» What to produce
The result should be an exact copy of the data, free of pictures.

» Provided material
--- START ---

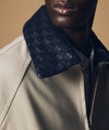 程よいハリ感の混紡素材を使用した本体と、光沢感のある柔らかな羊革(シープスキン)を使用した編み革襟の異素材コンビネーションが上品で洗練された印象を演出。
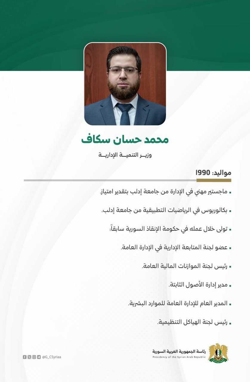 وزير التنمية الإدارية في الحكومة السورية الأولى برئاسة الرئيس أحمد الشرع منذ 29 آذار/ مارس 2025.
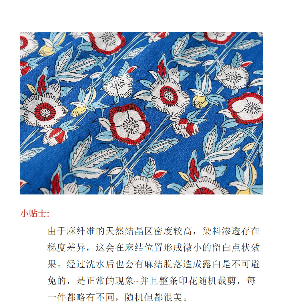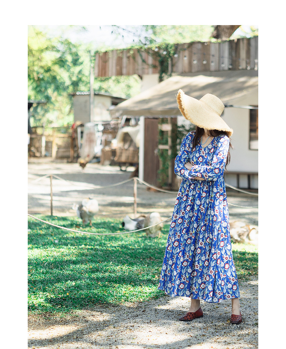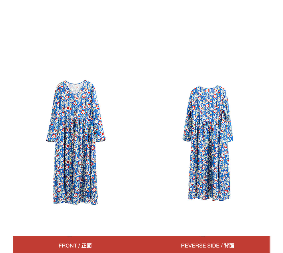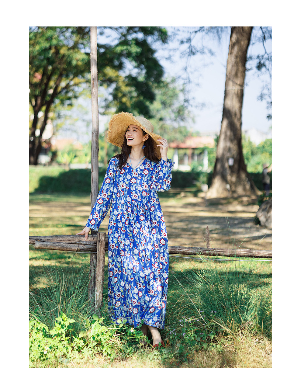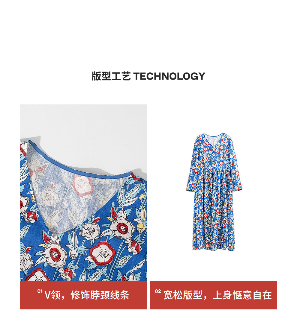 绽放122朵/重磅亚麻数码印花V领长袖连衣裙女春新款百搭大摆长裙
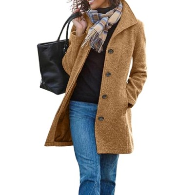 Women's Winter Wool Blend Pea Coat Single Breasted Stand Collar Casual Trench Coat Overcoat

--- END ---

» Output
 程よいハリ感の混紡素材を使用した本体と、光沢感のある柔らかな羊革(シープスキン)を使用した編み革襟の異素材コンビネーションが上品で洗練された印象を演出。
 وزير التنمية الإدارية في الحكومة السورية الأولى برئاسة الرئيس أحمد الشرع منذ 29 آذار/ مارس 2025.
 绽放122朵/重磅亚麻数码印花V领长袖连衣裙女春新款百搭大摆长裙
 Women's Winter Wool Blend Pea Coat Single Breasted Stand Collar Casual Trench Coat Overcoat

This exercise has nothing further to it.